*PROVIDED MATERIAL*.
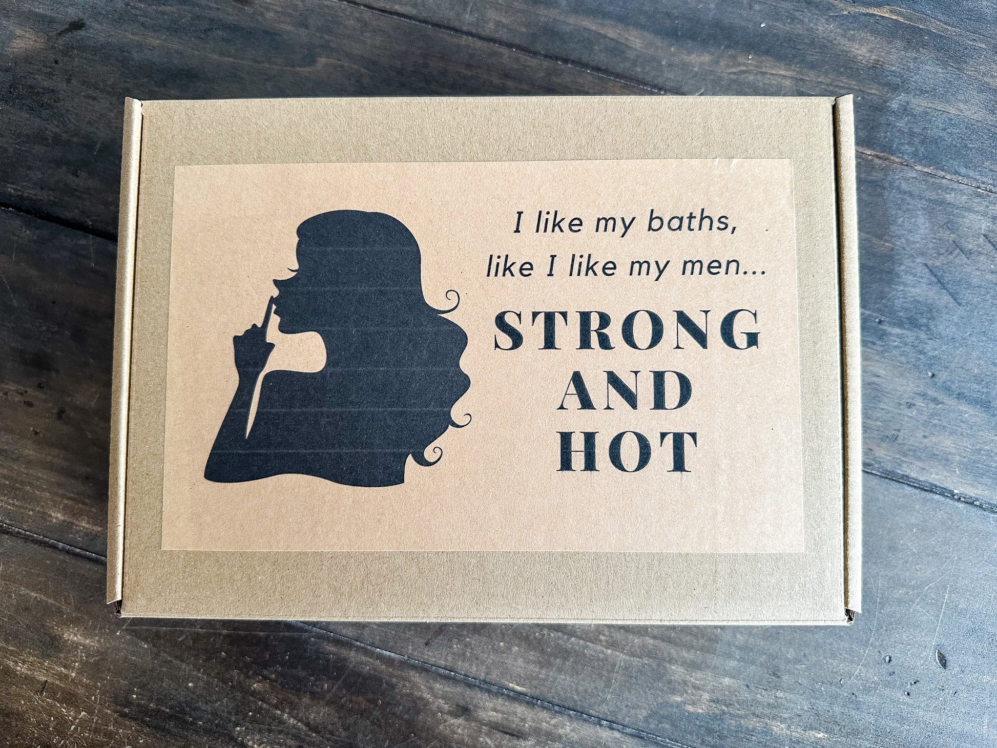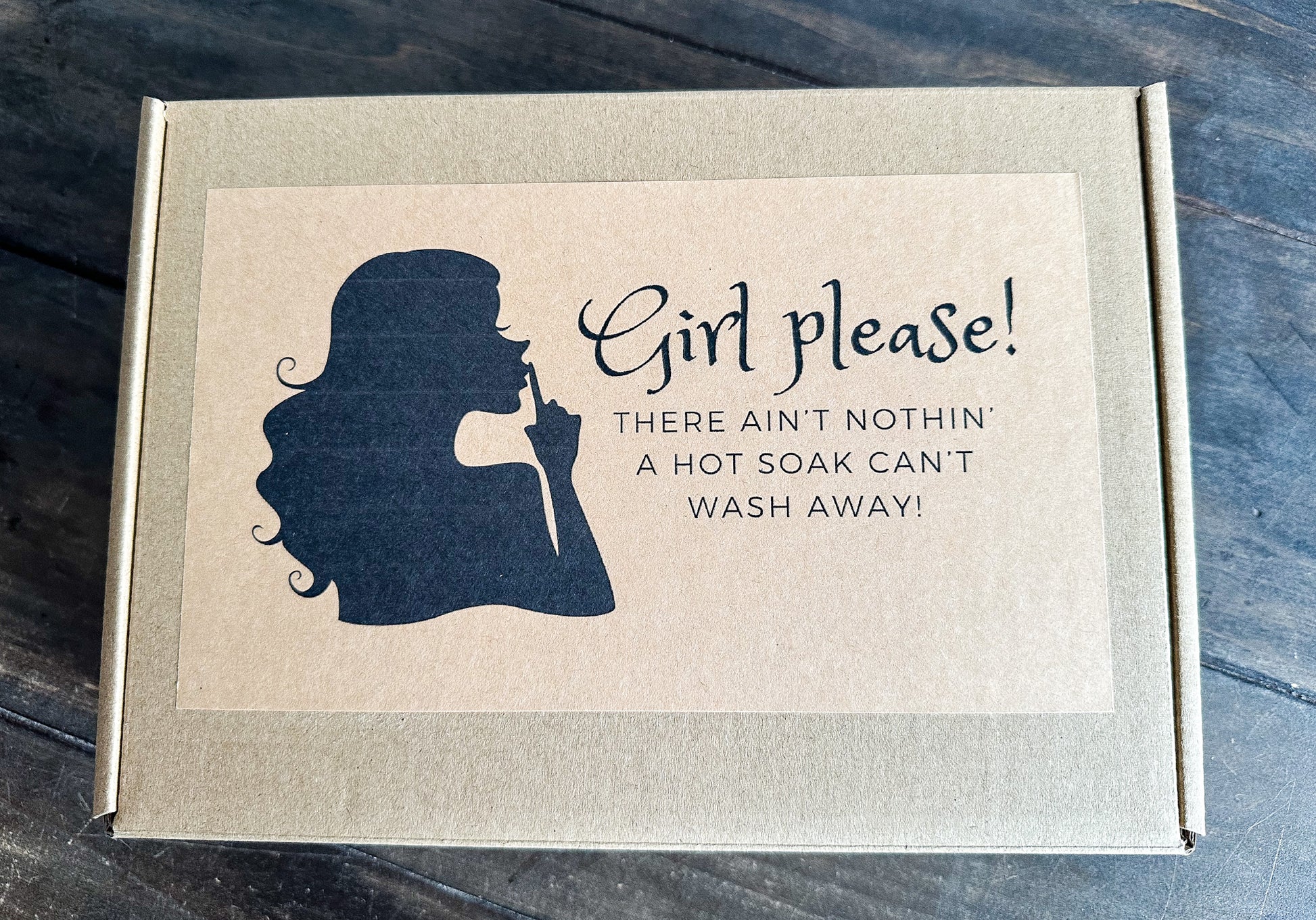 Gift box includes three herbal bath soaks and a set of tea light candles with a touch of sarcasm!
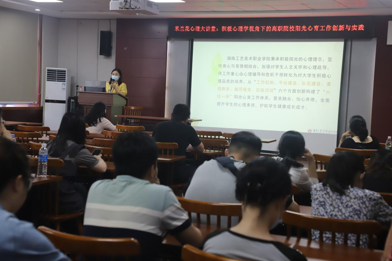 随着高等职业教育改革的深化和发展,心理健康教育已成为高职院校的工作重点。积极心理学视野下的高职院校心理健康教育,将以一种崭新的视角诠释心理学,对大学生的心理健康起到积极的作用。为此湖南商务职业技术学院米兰花心理大讲堂特邀湖南工艺美术职业学院心理中心主任陈燕妮老师于2023年5月30日来校交流“在积极心理学视角下的高职院校阳光心育工作创新与实践”,讲座在二教201举行,学生工作部张庆副部长参加此次讲座。
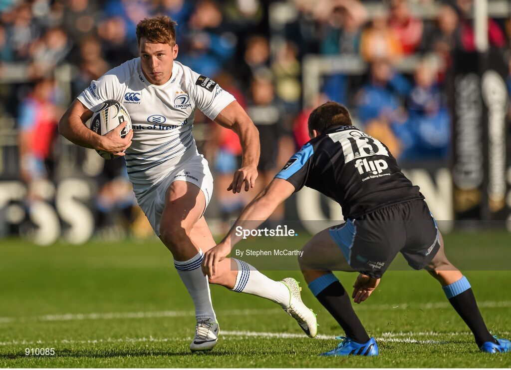 6 September 2014; Brendan Macken, Leinster, in action against Mark Bennett, Glasgow Warriors. Guinness PRO12, Round 1, Glasgow Warriors v Leinster. Scotstoun Stadium, Glasgow, Scotland. Picture credit: Stephen McCarthy / SPORTSFILE
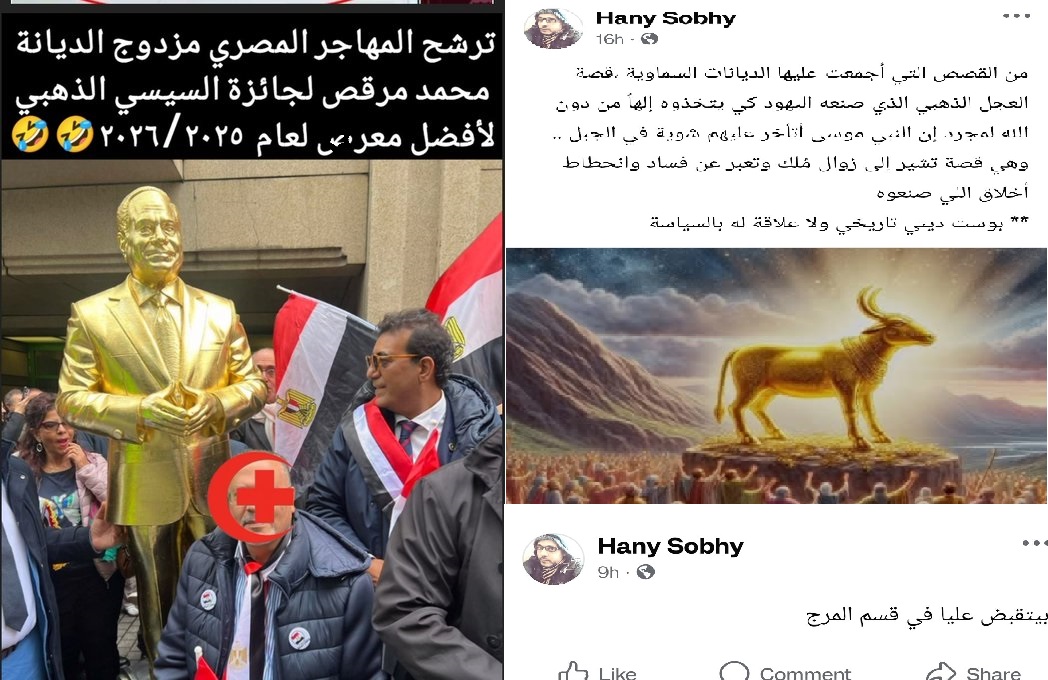 وعلق الناشط سيف الإسلام عيد @eid_alislam "إمبارح شاركت على فيسبوك منشورا عن شاب مسيحي معتقل من سنتين بسبب مظاهرات فلسطين، اللي بالمناسبة دعا لها السيسي بنفسه، اليوم بشارك هنا رغبة النظام في هدم الكنيسة، زي ما هدم مساجد قبلها، واعتقل شيوخ واعتقل ملحدين واعتقل ودعاة واعتقل رقاصات، واعتقل علماء واعتقل جهلة، واعتقل أغنياء واعتقل فقراء.
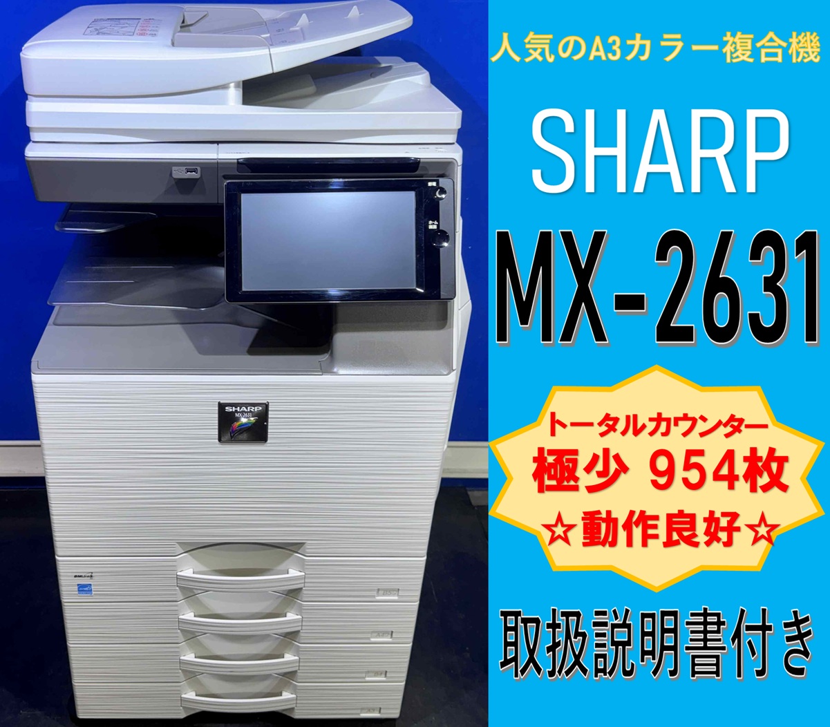 【越谷発】【SHARP】A3デジタルフルカラー複合機☆ MX-2631 ☆【極少】カウンター 954枚 ☆ 動作確認済み ☆(13248)
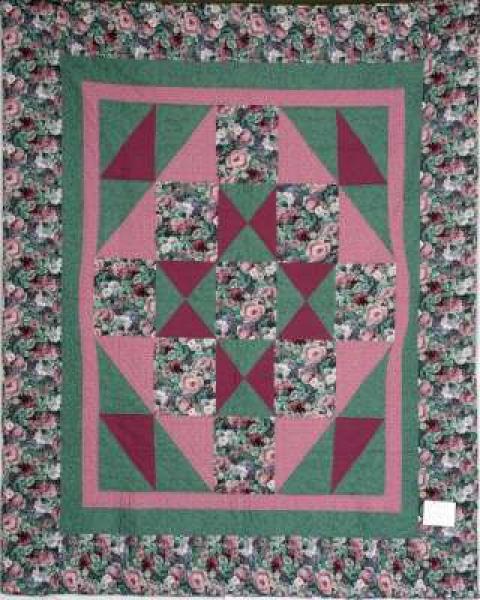 Catalogue Number: 153Sale Year: 2011Item Type: Bed QuiltColours: greenroseDonor(s): Ruth Zehr, New HamburgQuilter(s): New Hamburg Thrift Centre QuiltersMachine Quilted: noDimensions: 91 x 105Description: Pieced
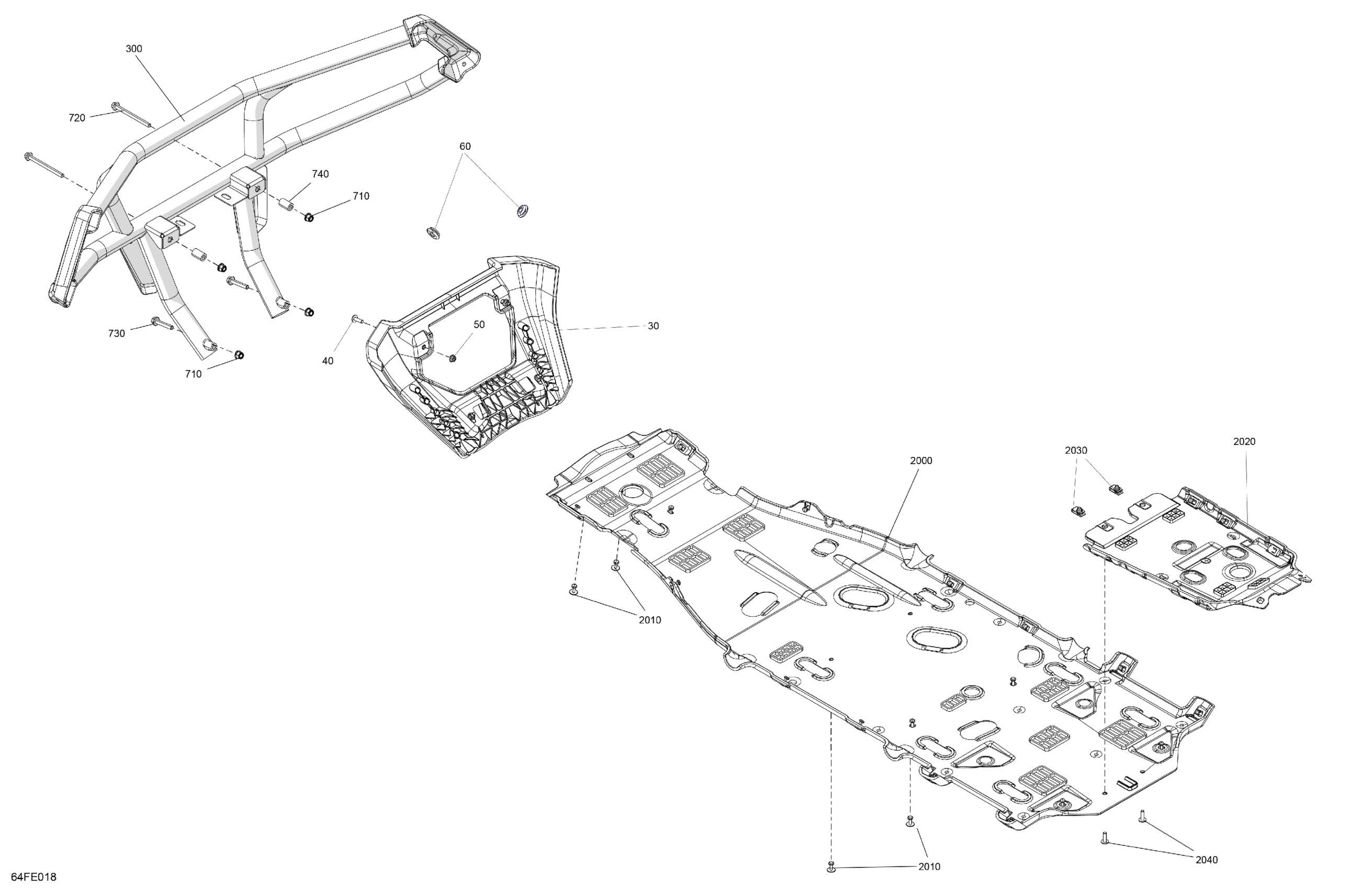 Can-Am Off-Road CE - OUTL-PRO-MAX - 4X4 - XU - HD7 - 2BSB - Compass Green - 2025 07- Body - Skid Plate and Bumper Diagram
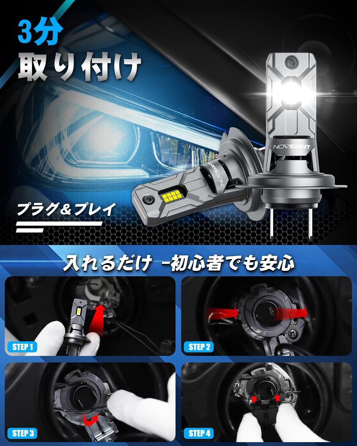 【高輝度LEDチップ搭載】NOVSIGHT h7 ledは高品質LEDチップを採用して、数多くのチップ、八つのチップが搭載して、精確な配光によって高輝度のホワイト、抜群な発光ができます。色温度は6500kに達していて、普通のハロゲンより200%以上の明るさをアップします。夜間でも広く明るい視野が確保して、対向車など周りにも迷惑な眩しくの光をさせなくて、安全運転をサポートします。
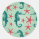 Teal Seahorse Pattern 2 Classic Round Sticker
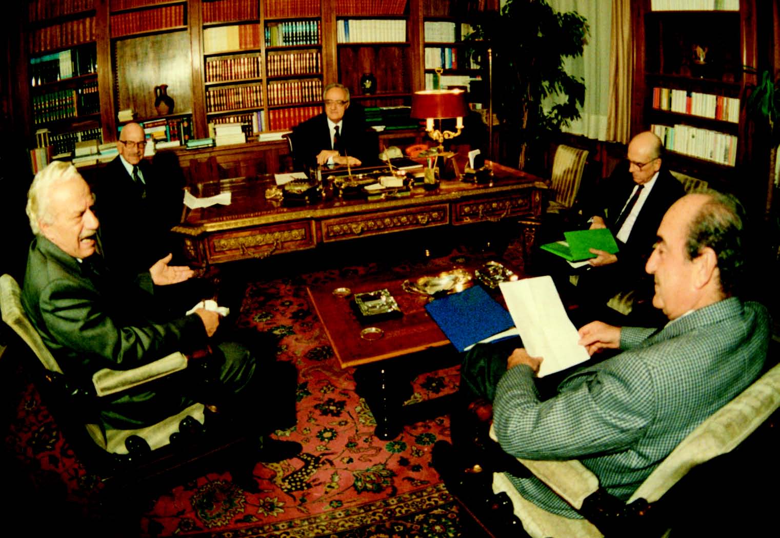 Συνάντηση του Προέδρου της Δημοκρατίας Χρήστου Σαρτζετάκη με τον Πρωθυπουργό Ξενοφώντα Ζολώτα και τους πολιτικούς αρχηγούς στο Προεδρικό Μέγαρο, 21.11.1989 (Web, Print) |

*TASK STATEMENT*. Could you repeat the listing above exactly, omitting its pictures?

*YOUR RESPONSE*.
 Gift box includes three herbal bath soaks and a set of tea light candles with a touch of sarcasm!
 随着高等职业教育改革的深化和发展,心理健康教育已成为高职院校的工作重点。积极心理学视野下的高职院校心理健康教育,将以一种崭新的视角诠释心理学,对大学生的心理健康起到积极的作用。为此湖南商务职业技术学院米兰花心理大讲堂特邀湖南工艺美术职业学院心理中心主任陈燕妮老师于2023年5月30日来校交流“在积极心理学视角下的高职院校阳光心育工作创新与实践”,讲座在二教201举行,学生工作部张庆副部长参加此次讲座。
 6 September 2014; Brendan Macken, Leinster, in action against Mark Bennett, Glasgow Warriors. Guinness PRO12, Round 1, Glasgow Warriors v Leinster. Scotstoun Stadium, Glasgow, Scotland. Picture credit: Stephen McCarthy / SPORTSFILE
 وعلق الناشط سيف الإسلام عيد @eid_alislam "إمبارح شاركت على فيسبوك منشورا عن شاب مسيحي معتقل من سنتين بسبب مظاهرات فلسطين، اللي بالمناسبة دعا لها السيسي بنفسه، اليوم بشارك هنا رغبة النظام في هدم الكنيسة، زي ما هدم مساجد قبلها، واعتقل شيوخ واعتقل ملحدين واعتقل ودعاة واعتقل رقاصات، واعتقل علماء واعتقل جهلة، واعتقل أغنياء واعتقل فقراء.
 【越谷発】【SHARP】A3デジタルフルカラー複合機☆ MX-2631 ☆【極少】カウンター 954枚 ☆ 動作確認済み ☆(13248)
 Catalogue Number: 153Sale Year: 2011Item Type: Bed QuiltColours: greenroseDonor(s): Ruth Zehr, New HamburgQuilter(s): New Hamburg Thrift Centre QuiltersMachine Quilted: noDimensions: 91 x 105Description: Pieced
 Can-Am Off-Road CE - OUTL-PRO-MAX - 4X4 - XU - HD7 - 2BSB - Compass Green - 2025 07- Body - Skid Plate and Bumper Diagram
 【高輝度LEDチップ搭載】NOVSIGHT h7 ledは高品質LEDチップを採用して、数多くのチップ、八つのチップが搭載して、精確な配光によって高輝度のホワイト、抜群な発光ができます。色温度は6500kに達していて、普通のハロゲンより200%以上の明るさをアップします。夜間でも広く明るい視野が確保して、対向車など周りにも迷惑な眩しくの光をさせなくて、安全運転をサポートします。
 Teal Seahorse Pattern 2 Classic Round Sticker
 Συνάντηση του Προέδρου της Δημοκρατίας Χρήστου Σαρτζετάκη με τον Πρωθυπουργό Ξενοφώντα Ζολώτα και τους πολιτικούς αρχηγούς στο Προεδρικό Μέγαρο, 21.11.1989 (Web, Print) |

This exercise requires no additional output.